Emerging from arduous interparty negotiations, Israeli Prime Minister-elect Ehud Barak has presented his nation — and a waiting world — with a rainbow coalition whose sweeping diversity may just be what it takes to revive the dormant Middle East peace process.
Following his landslide victory over Prime Minister Benjamin Netanyahu May 17, Mr. Barak spent six weeks coaxing and bargaining with a multitude of parties to gain the 61 seats necessary to claim a majority in Israel’s 120-member Parliament, the Knesset. At this point, Mr. Barak has managed to give himself a comfortable cushion with 75 seats.
With the July 8 deadline for forming a government looming, Mr. Barak clinched victory when he signed a coalition deal June 30 with the powerful ultra-Orthodox Shas, a dovish group that is the largest religious party and, with 17 seats, the third-largest party in Parliament. Some Labor Party members expressed dismay at having to share power with a party that has been accused of seeking to create a Jewish fundamentalist state. However, the pact has enabled Mr. Barak to exclude from the government the Likud bloc, whose hardline nationalist positions would have undermined the new leader’s declared aim of quickly reaching peace agreements with the Palestinians, Syria and Lebanon.

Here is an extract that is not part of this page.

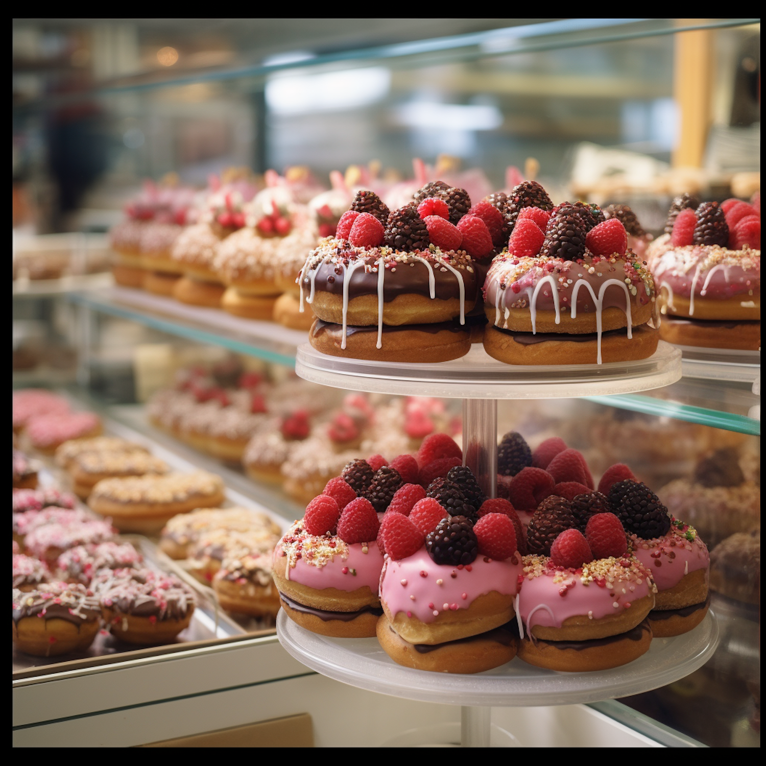 Vibrant donuts with pink icing, fresh berries, and sprinkles on display in a bakery. Tempting and colorful sweet treats.

The phrase “strength in diversity” is a well-worn cliche, but it rings true when applied to the coalition Mr. Barak has cobbled together. The alliance, which now includes One Israel, the Center Party, Meretz, Israel B’Aliya, the Nationalist Religious Party and United Torah Judaism — and may grow yet further — represents virtually all segments of Israeli society. While the coalition is a mix of parties with contradictory policies and visions of how Israel should function, the government will be so large that no single bloc will be in a position to destabilize it or topple Mr. Barak. Moreover, while the coalition parties may share little in common, all have an interest in advancing the peace process.

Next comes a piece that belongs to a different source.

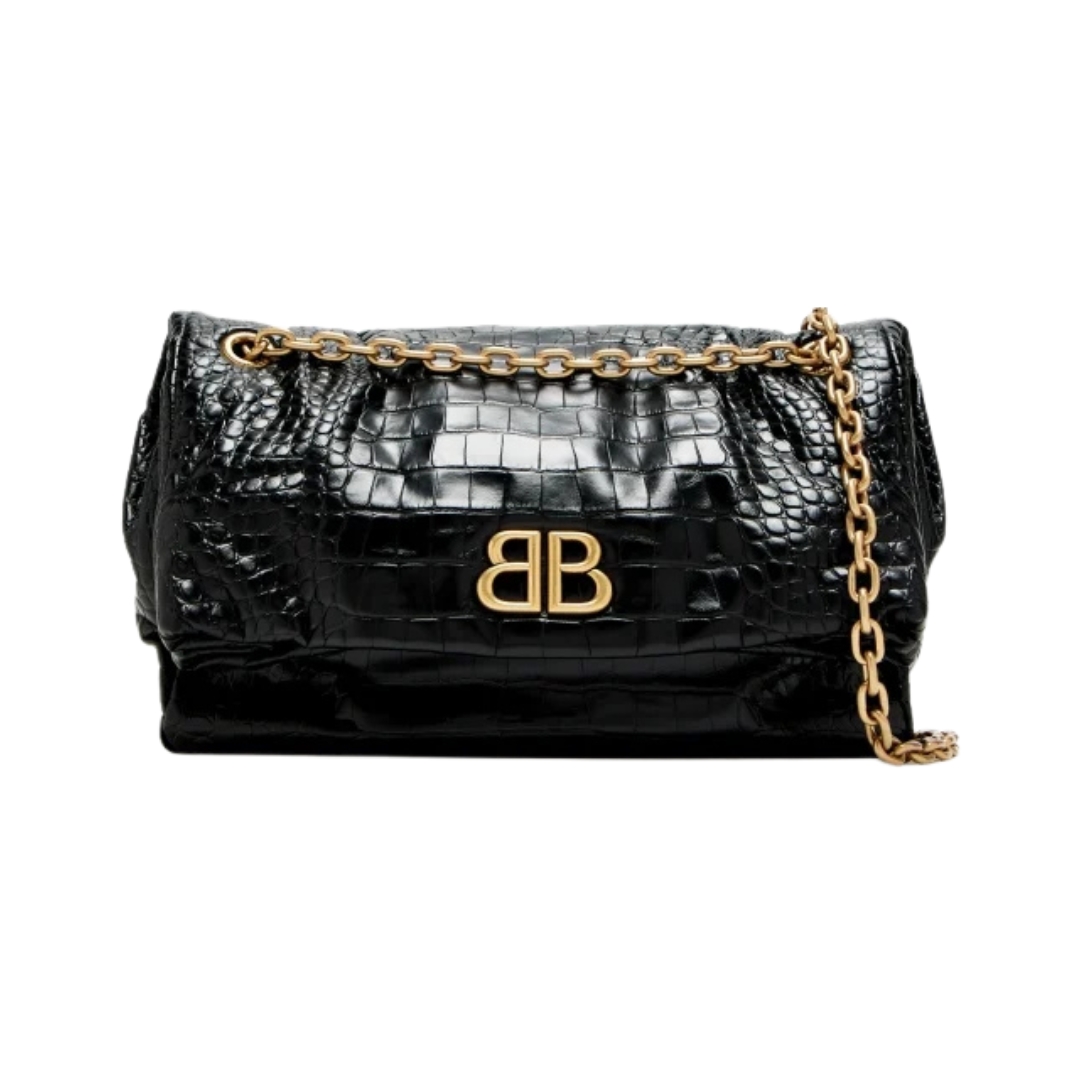 Portafoglio Balenciaga Monaco con catena in pelle di vitello nera 34 cm

The Israeli electorate’s overwhelming rejection of Mr. Netanyahu was a stinging indictment of reckless policies aimed at burying the peace process initiated by his Labor predecessors, the late Mr. Yitzhak Rabin and Mr. Shimon Peres. Mr. Barak was elected on the basis of his promise to get the peace process moving again. Although his government has yet to take power, the former general has wasted no time. Mr. Barak says he will push in coming weeks for legislation permitting enlargement of the Cabinet from 18 to 24 ministers, a move that will allow him to expand his coalition. With the support of up to 87 Knesset members, including 10 Israeli Arabs, Mr. Barak believes he can push through a final peace accord with the Palestinians that would likely include the granting of independence to much of the Gaza Strip and West Bank. Mr. Barak has also reached out to the Palestinians, calling Palestinian leader Yasser Arafat “an important and central partner in the diplomatic process,” and has pledged to meet with him soon. Mr. Arafat and the Palestinian Authority have reacted positively to Mr. Barak’s statement, and expressed hope that he will carry out the U.S.-brokered Wye River agreement, a West Bank land-for-security accord signed, but later reneged on, by Mr. Netanyahu.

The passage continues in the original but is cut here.